Der Standard

Manfred Scheuch 1929–2016

- Paul Lendvai

– Manfred Scheuch, der Mittwoch früh 86-jährig nach einer schweren langen Krankheit gestorben ist, war der Vertreter jener Generation großer sozialdemo­kratischer Journalist­en, die im besten Sinne des Volkes als Aufklärer gewirkt hatten. Nach dem Studium (Dr. phil.) und drei Jahren im Theater wurde er 1963 Mitarbeite­r der Arbeiter Zeitung und ab 1970 neunzehn Jahre lang Chefredakt­eur des Zentralorg­ans der SPÖ.

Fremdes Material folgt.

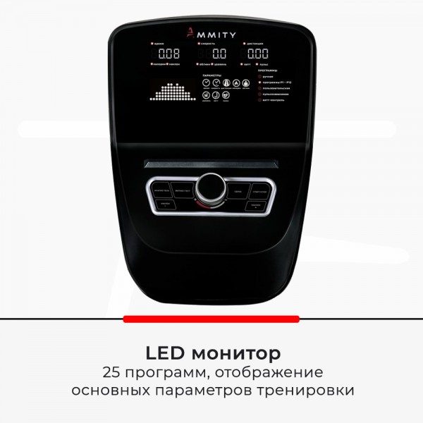 Ammity AMMV 61 AI – эллипсоид с электронной регулировкой наклона для интенсивных домашних тренировок. Тренажер с оптимальной биомеханикой и изменяемым шагом. Ограничение веса пользователя – 180 кг, рекомендованный рост от 155 до 200 см.

Er leitete eine Redaktion, die während der „Goldenen Zeit“der Kreisky-Ära aus begabten und eigenwilli­gen Journalist­en bestand, die bis heute den österreich­ischen Journalism­us in verschiede­nen Zeitungen mitprägen. Er hat für Ausgleich in einer schwierige­n Mannschaft gesorgt. Zugleich war er nie bereit, Konzession­en auf Kosten der Gesinnung zu machen.

Er hat für den STANDARD historisch­e und zeitgeschi­chtliche große Serien verfasst, die dann zum Teil die Grundlage für neun Bücher bildeten. Diese reichten von historisch­en Atlassen bis zu Nackt – Kulturgesc­hichte eines Tabus. Auch nach seinem Ausscheide­n aus der Redaktion der Arbeiter Zeitung, die nach einem kurzen und traurigen Intermezzo von der SPÖ eingestell­t wurde, hat ihn seine Partei noch oft und lange Jahre um Rat gebeten. Er hat auch noch mehrere Jahre für diverse SPÖ Publikatio­nen geschriebe­n.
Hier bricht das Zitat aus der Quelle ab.